Finally we visualize the computed IBD probabilities across the genome for a selected genotype using plotType = "singleGeno". This plot will show the IBD probabilities for all parents for all positions on the genome for the selected genotype.

## Plot IBD probabilities for genotype AxB0001.
plot(ABCMPP, plotType = "singleGeno", genotype = "AxB0001")

Using the computed IBD probabilities we can now do the actual QTL Mapping using the selQTLMPP function. First we perform a SQM by setting maxCofactors = 0. Our trait of interest, yield, is specified in the trait argument of the function.

## Perform Single-QTL Mapping.
ABCSQM <- selQTLMPP(MPPobj = ABCMPP,
                    trait = "yield",
                    maxCofactors = 0)

The results of the SQM can be plotted using the plot function with plotType = "QTLProfile".
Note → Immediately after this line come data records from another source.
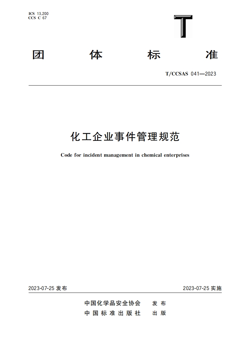CCS C 67团体标准T/CCSAS041-2023化工企业事件管理规范Code for incident management in chemical enterprises2023-07-25发布2023-07-25实施中国化学品安全协会发布中国标准出版社出版
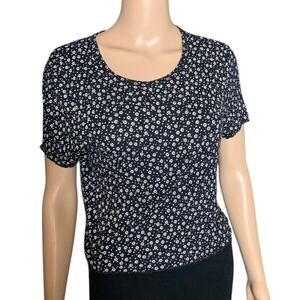 AMERICAN EAGLE Women's Size Large Cropped Top Soft & Sexy Rib Black Floral AOP
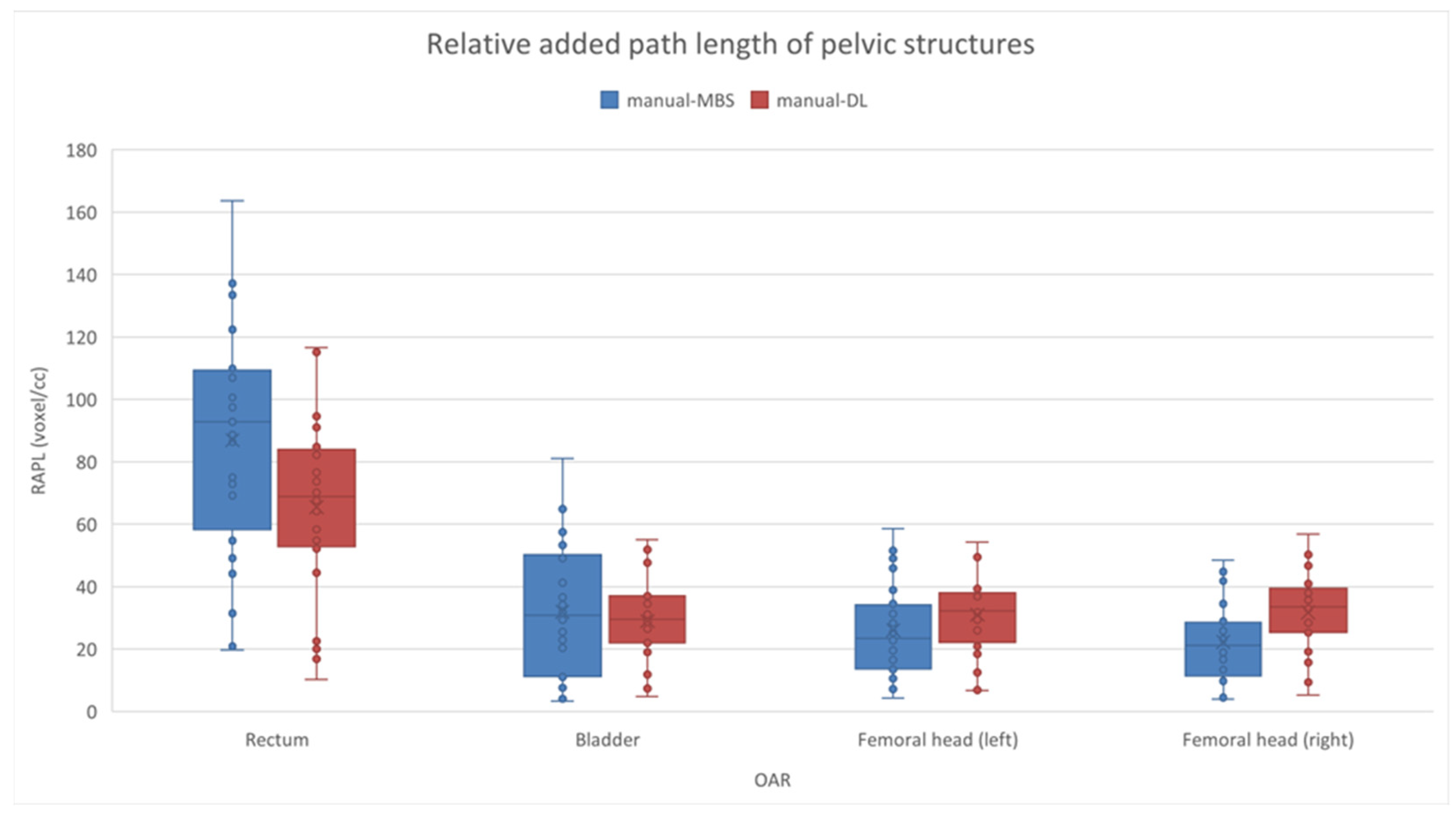 3 voxels), while with RAPL, the worst results were obtained with the MBS-segmented rectum (9.29 [7.39–10.48] × 10 voxels/cc).
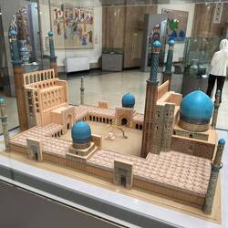 Auf den Fotos mit dem Modell dieser Moschee, die wir in Taschkent aufgenommen haben, kann man die Struktur dieser Art Moscheen erkennen. Es gibt vorn ein prunkvolles Eingangsportal, durch das die Gläubigen in den Hof gelangen. Gegenüber ist der Hauptraum der Moschee mit der großen türkisblauen Kuppel, der aber viel zu klein ist, um alle Gläubigen aufzunehmen. Deshalb gibt es in den vier Ecken überdachte Bereiche, in denen die Großzahl der Gläubigen beten konnte. Diese Dächer wurden von einer großen Zahl von Säulen getragen und hatten oben viele kleine Kuppeln. Diese Dächer sind alle eingestürzt und nicht restauriert.
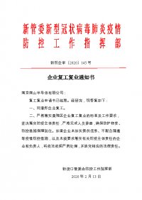 為支持重點(diǎn)客戶的有序生產(chǎn),南京南山半導(dǎo)體有限公司于2020年2月13日收到南京市新街口管理委員會(huì)(新管委)新型冠狀病毒肺炎疫情 防控工作指揮部通知,在2月14日復(fù)工。 暫定工作時(shí)...
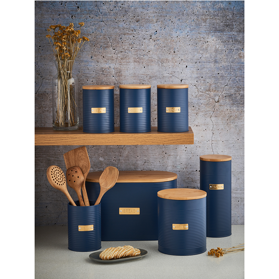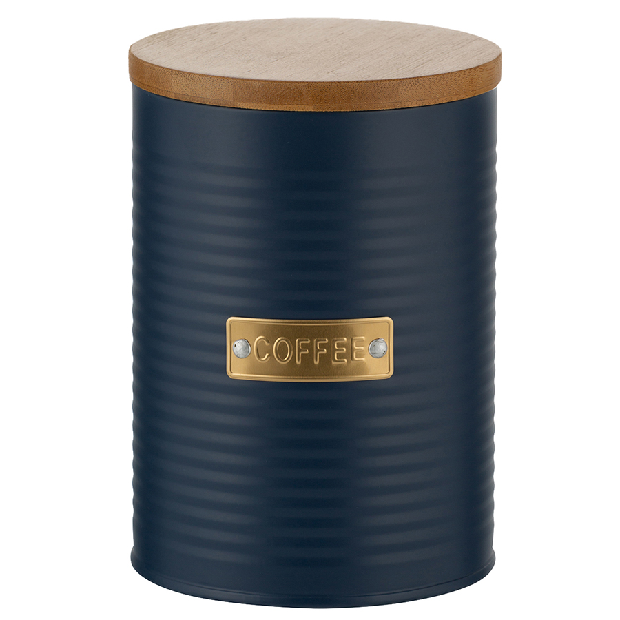 Банка для кофе из коллекции Otto – удобное решение для хранения сыпучих продуктов и стильный элемент кухонного интерьера. Эргономичный контейнер выполнен из прочной, устойчивой к коррозии и деформации углеродистой стали. Плотно прилегающая бамбуковая крышка с силиконовым уплотнителем защищает содержимое банки от заветривания и отсыревания. Рельефная поверхность и красивое сочетание золотистого декора с матовым покрытием насыщенного синего цвета делает дизайн интересным. Такая посуда отлично вписывается в интерьер, оформленный в классическом и современном стиле.
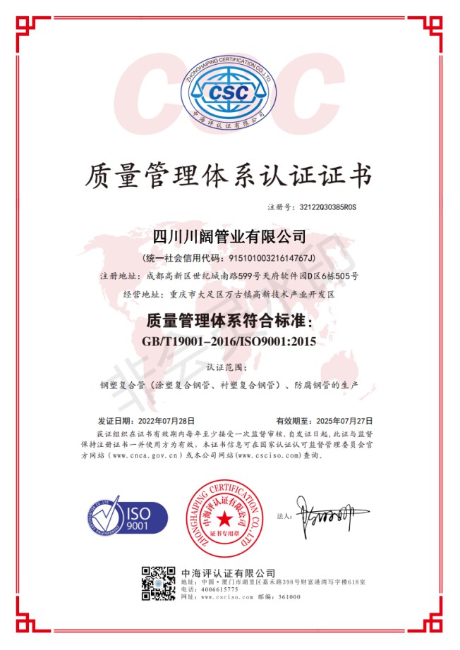 Copyright ? 2019 四川川闊管業有限公司 專業生產研發消防涂塑鋼管,排水復合鋼管,熱浸塑鋼管等系列產品及其配件
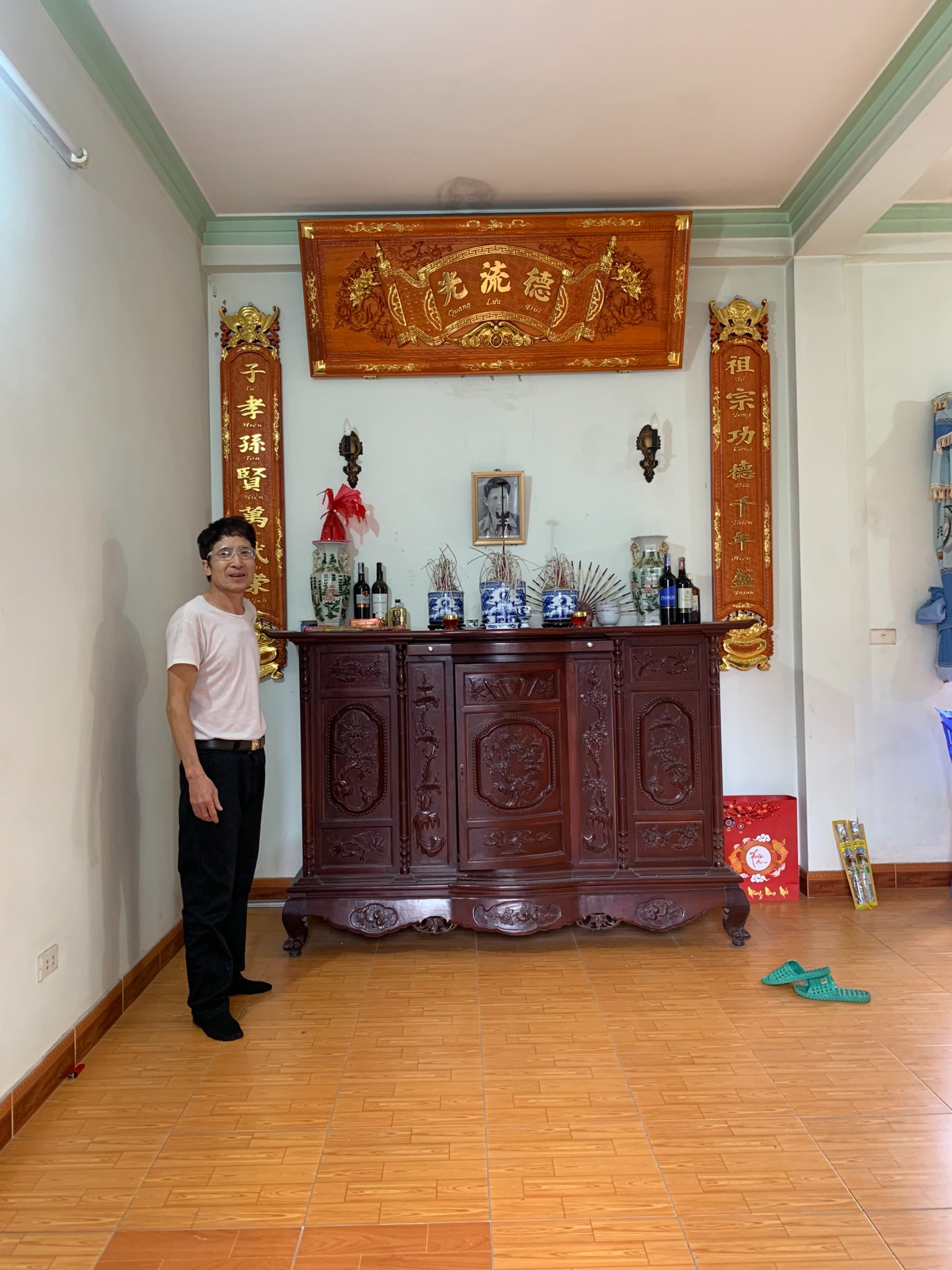 ► Hoành phi câu đối gỗ thường được trang trí rất nhiều trong phòng thờ của các gia đình. Tuy nhiên, không phải ai cũng biết treo như thế nào cho đẹp:

## Plot QTL Profile for ABC SQM.
plot(ABCSQM, plotType = "QTLProfile")

Already from the SQM the position of the three simulated QTLs is quite clear. We can get an even better result using MQM. For that, again we use the selQTLMPP function. We don’t specify the maxCofactors to let the algorithm determine the number of cofactors based on the threshold and QTLwindow. As long as new markers are found with a \(-log10(p)\) value above threshold and the maximum number of cofactors is not reached, a new round of scanning is done. In the new round of scanning the marker with the highest \(-log10(p)\) value from the previous round is added to the cofactors. Based on the profile plot for the SQM the threshold is set to 3. The QTLwindow is not specified and therefore left at its default value of 10cM.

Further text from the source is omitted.